PROBLEM REQUIREMENTS: Retype exactly the span of lines below from the one with "- RG6 with 18AWG" through the one with "Scary Halloween tote". Do not include pictures.

WORKING DATA:
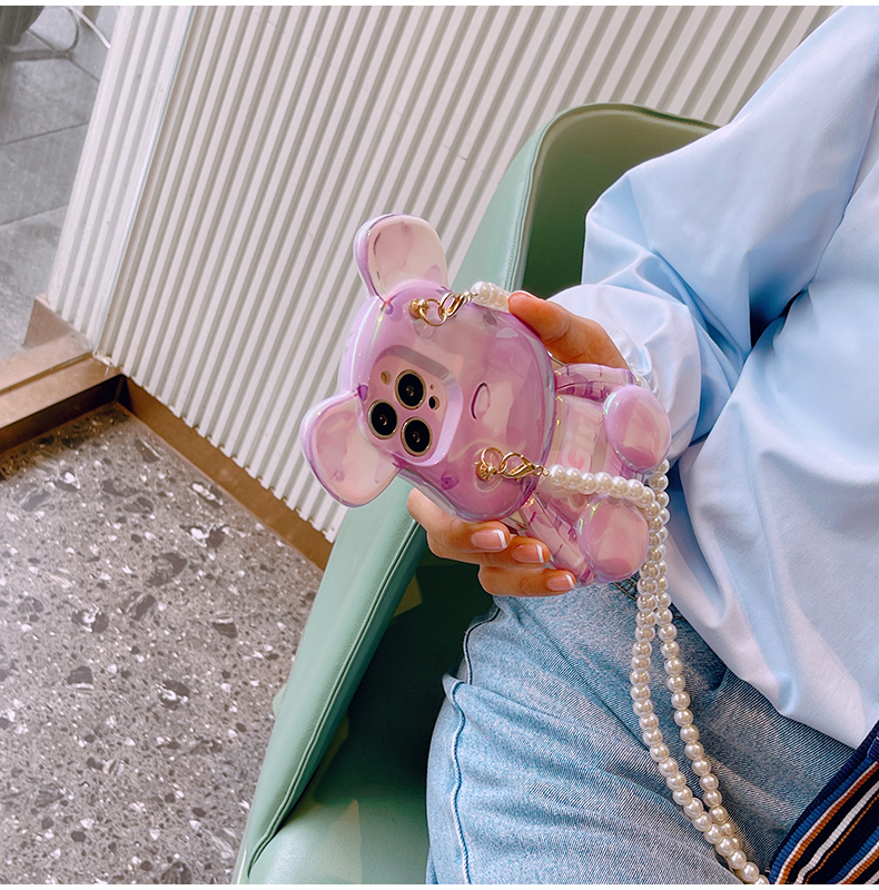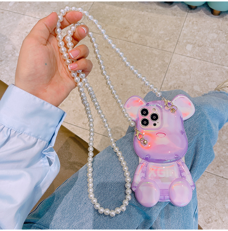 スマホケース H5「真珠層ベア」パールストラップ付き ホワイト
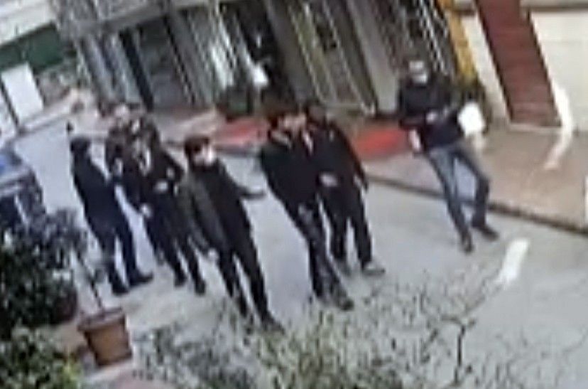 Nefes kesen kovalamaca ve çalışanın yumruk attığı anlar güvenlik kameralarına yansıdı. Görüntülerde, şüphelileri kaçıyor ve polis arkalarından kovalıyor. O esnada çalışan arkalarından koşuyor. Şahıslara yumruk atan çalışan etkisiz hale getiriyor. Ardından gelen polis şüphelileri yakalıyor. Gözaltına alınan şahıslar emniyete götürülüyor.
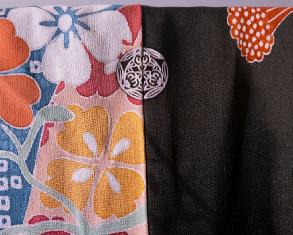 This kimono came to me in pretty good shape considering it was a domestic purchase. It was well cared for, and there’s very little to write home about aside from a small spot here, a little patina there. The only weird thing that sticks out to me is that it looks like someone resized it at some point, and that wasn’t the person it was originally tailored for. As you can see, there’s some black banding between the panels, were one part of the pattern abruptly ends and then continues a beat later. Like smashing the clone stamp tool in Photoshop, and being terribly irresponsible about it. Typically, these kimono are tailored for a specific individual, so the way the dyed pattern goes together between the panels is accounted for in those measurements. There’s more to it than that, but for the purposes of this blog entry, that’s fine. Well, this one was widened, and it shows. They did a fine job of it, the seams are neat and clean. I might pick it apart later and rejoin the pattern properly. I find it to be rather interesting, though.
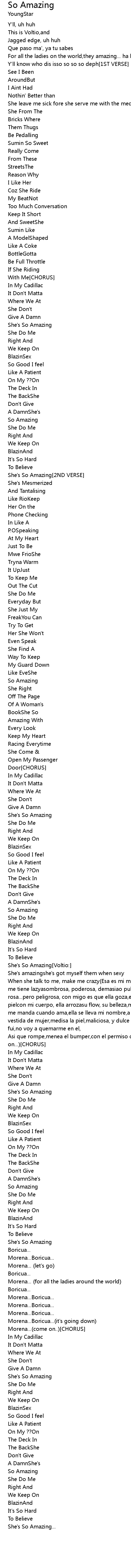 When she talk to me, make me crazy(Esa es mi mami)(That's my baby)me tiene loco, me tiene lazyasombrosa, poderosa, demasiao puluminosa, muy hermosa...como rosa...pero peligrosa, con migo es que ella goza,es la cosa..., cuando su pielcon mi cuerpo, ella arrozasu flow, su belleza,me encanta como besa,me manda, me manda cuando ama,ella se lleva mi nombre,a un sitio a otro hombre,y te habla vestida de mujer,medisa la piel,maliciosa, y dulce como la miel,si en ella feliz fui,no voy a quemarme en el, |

--

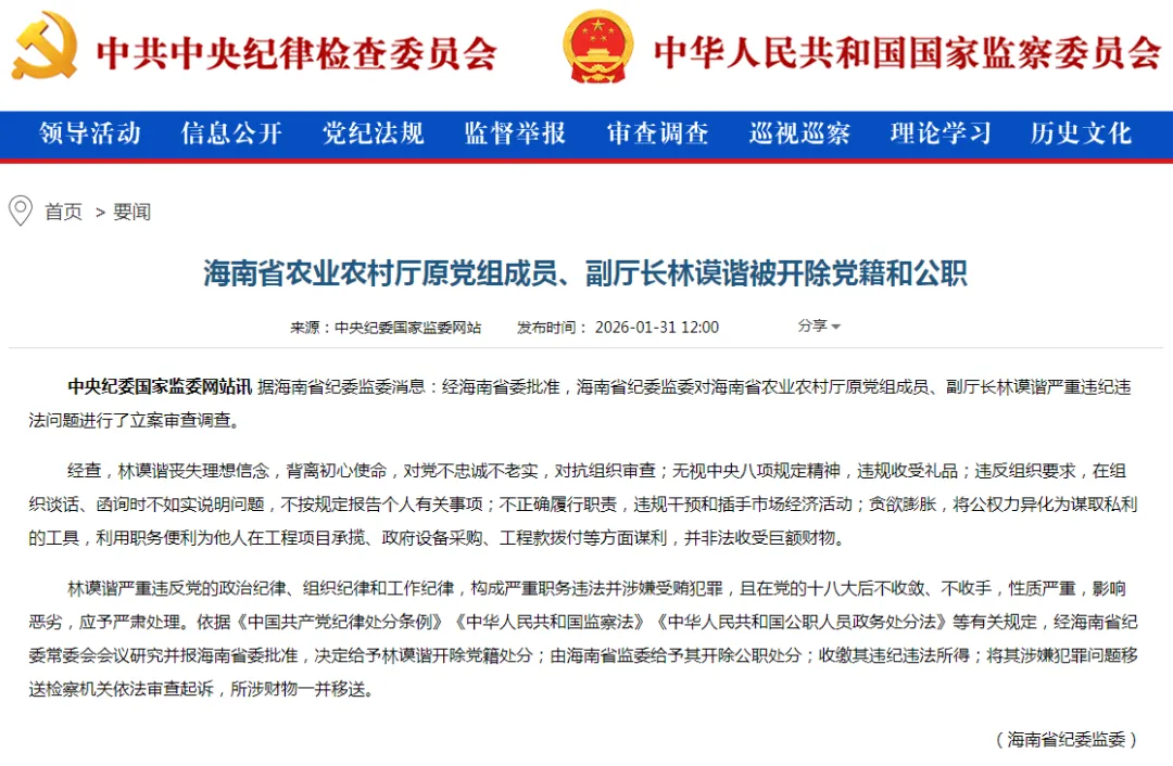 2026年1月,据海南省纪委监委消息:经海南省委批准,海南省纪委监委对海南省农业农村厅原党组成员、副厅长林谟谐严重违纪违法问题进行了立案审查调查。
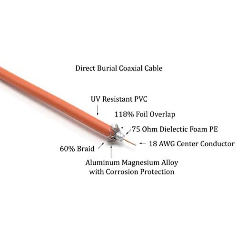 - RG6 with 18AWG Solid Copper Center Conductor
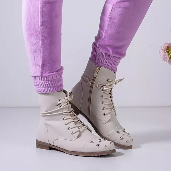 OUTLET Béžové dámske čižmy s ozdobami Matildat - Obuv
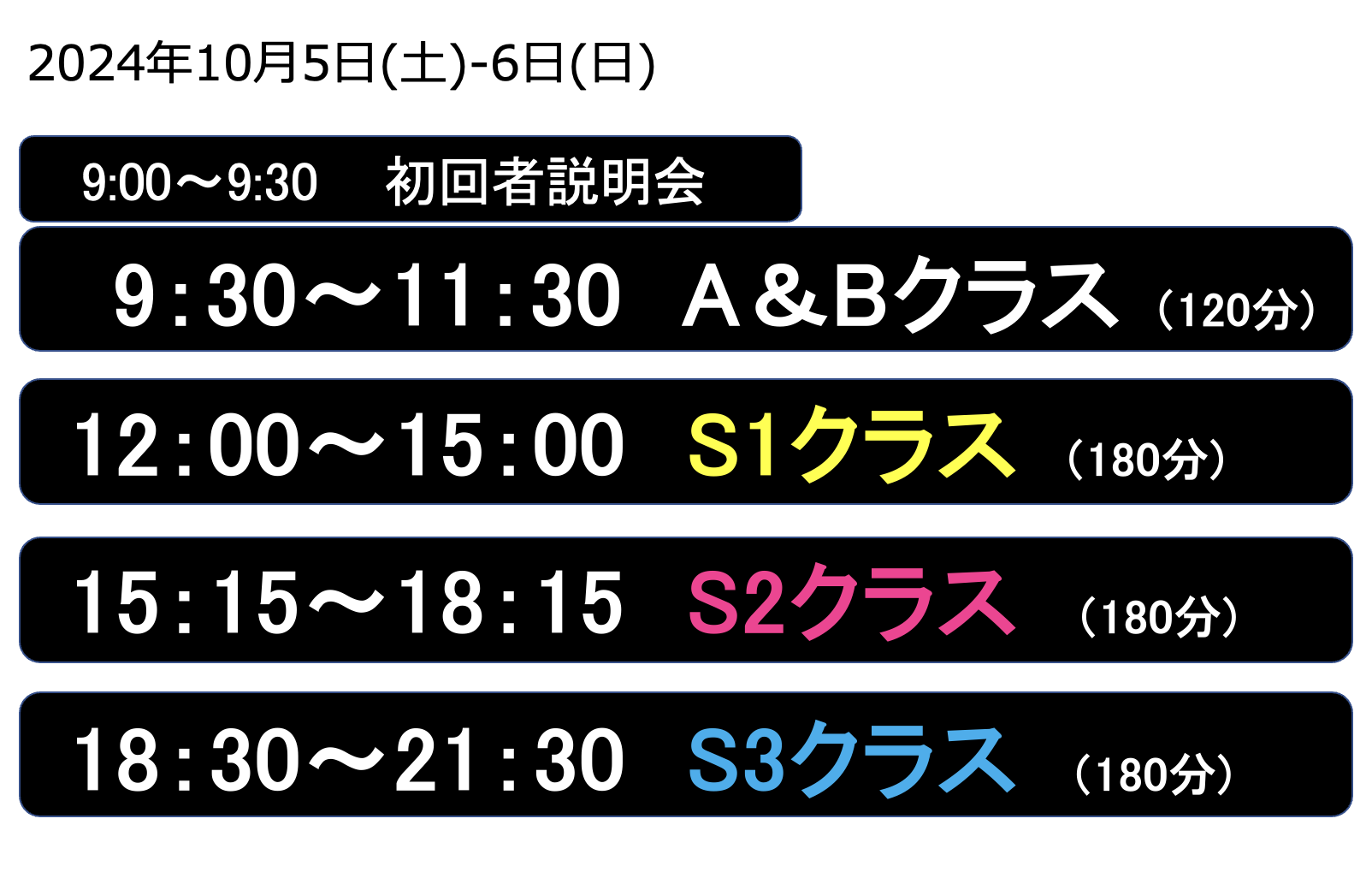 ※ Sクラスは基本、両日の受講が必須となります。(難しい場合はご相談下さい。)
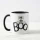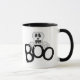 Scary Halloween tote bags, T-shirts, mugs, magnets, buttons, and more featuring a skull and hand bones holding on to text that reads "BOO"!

ANSWER FOR THIS EXERCISE:
 - RG6 with 18AWG Solid Copper Center Conductor
 OUTLET Béžové dámske čižmy s ozdobami Matildat - Obuv
 ※ Sクラスは基本、両日の受講が必須となります。(難しい場合はご相談下さい。)
 Scary Halloween tote bags, T-shirts, mugs, magnets, buttons, and more featuring a skull and hand bones holding on to text that reads "BOO"!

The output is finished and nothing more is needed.